[Éditorial de Robert Dutrisac] Shake off the monarchical yoke

The Coalition avenir Québec has never denied the fact that the abolition of the position of lieutenant-governor was still part of its intentions as set out in 2015 in the document A new project for Quebec nationalists. Last year, the Minister responsible for Canadian Relations, Sonia LeBel, confirmed that doing away with this symbol still figured in the CAQ plans, although the thing is complex, which we can agree, and that the context must be s lend to it.

However, it cannot be denied that the death of Queen Elizabeth II and her replacement by King Charles III changed this context and rekindled the debate in Quebec — and, to a lesser extent, in Canada — on the advisability of cutting ties with the British monarchy. This is a debate that is also brewing in other Commonwealth countries whose head of state is still this foreign sovereign. This is the case for tiny countries, such as Antigua and Barbuda, but also for New Zealand and Australia.

In the election campaign on Friday, François Legault put the lid on the pot for the duration of a future mandate. The CAQ leader could have said that it was not a priority for his government at the moment, but he rather postponed any attempt to shake off the monarchical yoke. It is a short-sighted decision: four years in politics is several eternities; many things can happen.

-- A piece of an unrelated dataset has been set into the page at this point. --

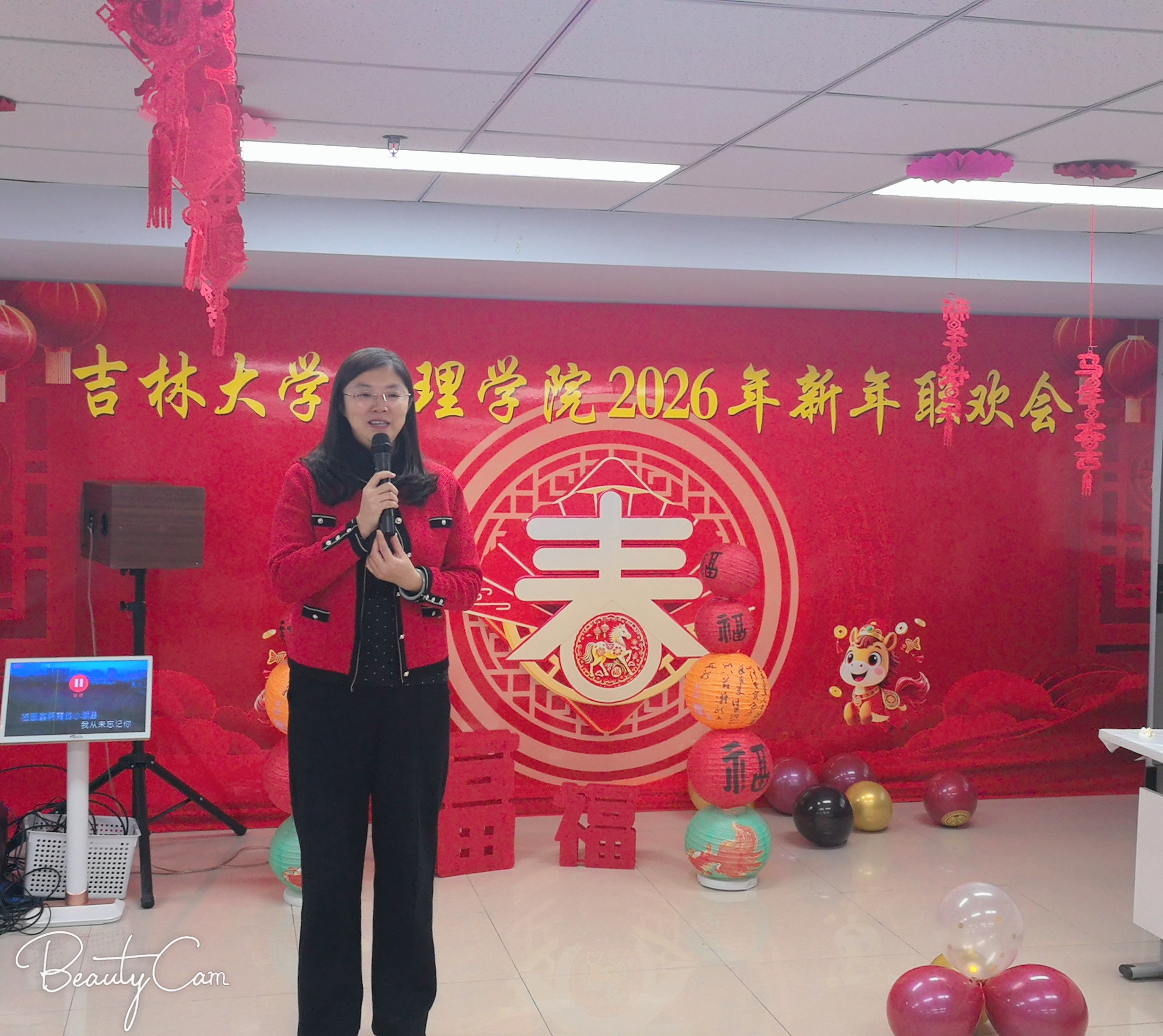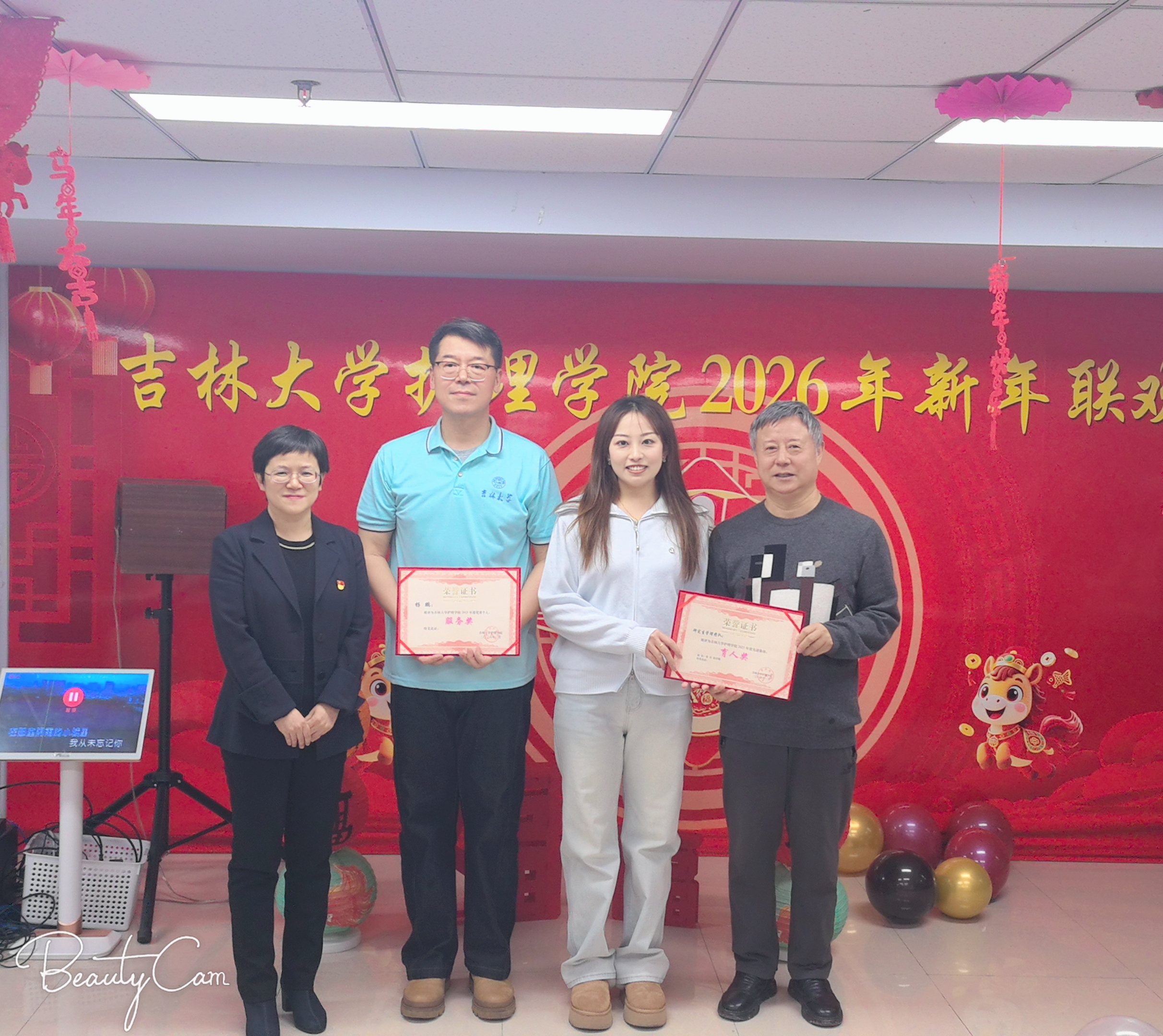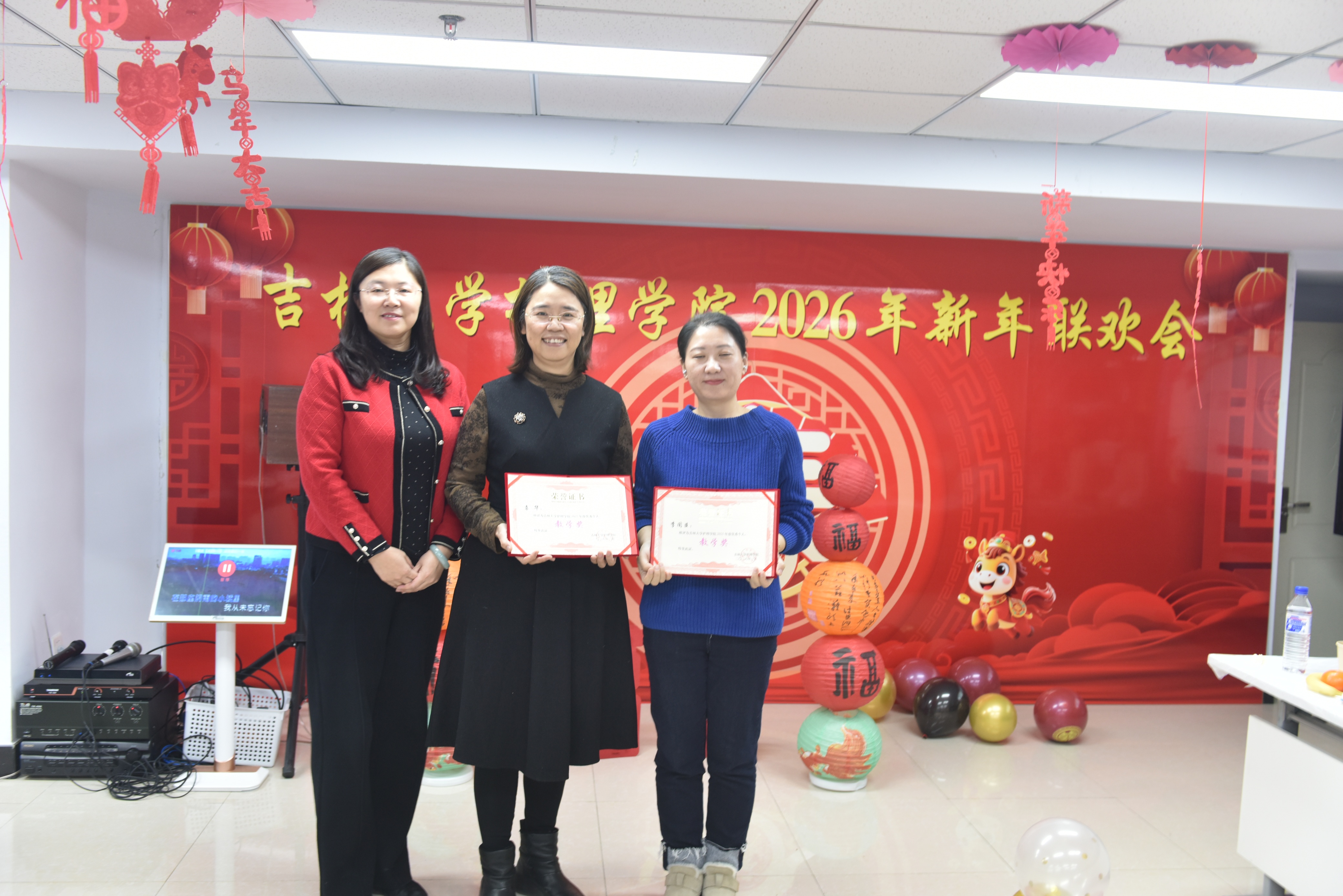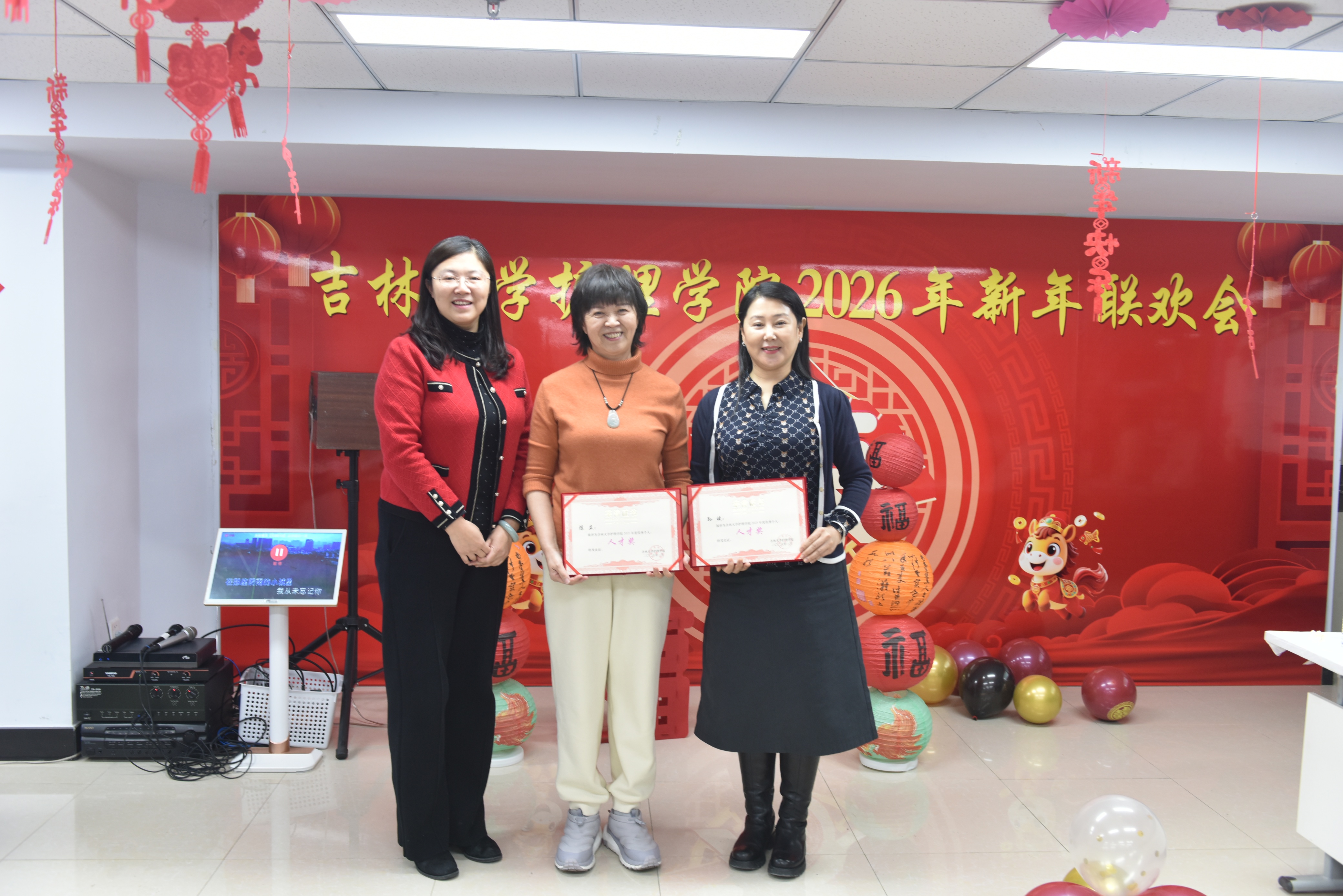 联欢会伊始,学院党委书记韩月波登台致辞。她深情寄语全院教职工,送上诚挚的新年祝福,既回望了过去一年学院发展的坚实足迹与丰硕成果,也擘画了新一年砥砺前行的奋进蓝图,话语间满含期许,为整场活动奠定了温暖而昂扬的基调。致辞过后,学院表彰环节,对年度优秀个人予以表彰并颁发奖状,以榜样为旗,激励全体教职工在新的一年里勇毅笃行、再创佳绩。

It is true that the monarchists do not have too much to worry about. First, it is only in Quebec that a vast majority of the population—nearly three-quarters—says in poll after poll that they want to put an end to this colonial remnant. In English Canada, this majority is much lower, and opinions are divided. The monarchy, the British crown, is still part of the identity values ​​of many English Canadians. We will see what reception they will reserve for the unloved Charles. Let’s bet they’ll get over it.

Then, to get rid of the monarchy, or even to touch only the post of lieutenant-governor of Quebec, requires an amendment to the Constitution involving the consent of the federal Parliament, the Parliaments of each of the provinces and the Senate. It follows that, on this question, and on many others, the Constitution is locked fourfold.

Without declaring its independence, is Quebec condemned to undergo a monarchy which was imposed on it and which it does not want, an outdated symbol, certainly, but that of an ever present subjection? Some will answer that it is in the order of things.

However, other avenues are being explored to try to break this political deadlock. A certain number of people defend the idea of ​​creating a republic in Quebec, including the jurist André Binette. He believes that the appropriate response to the patriation of the Canadian Constitution of 1982 without the consent of the Quebec nation is the abolition of the monarchy in a Quebec constitution. A majority in the National Assembly representing a majority of voters would be sufficient to adopt this text.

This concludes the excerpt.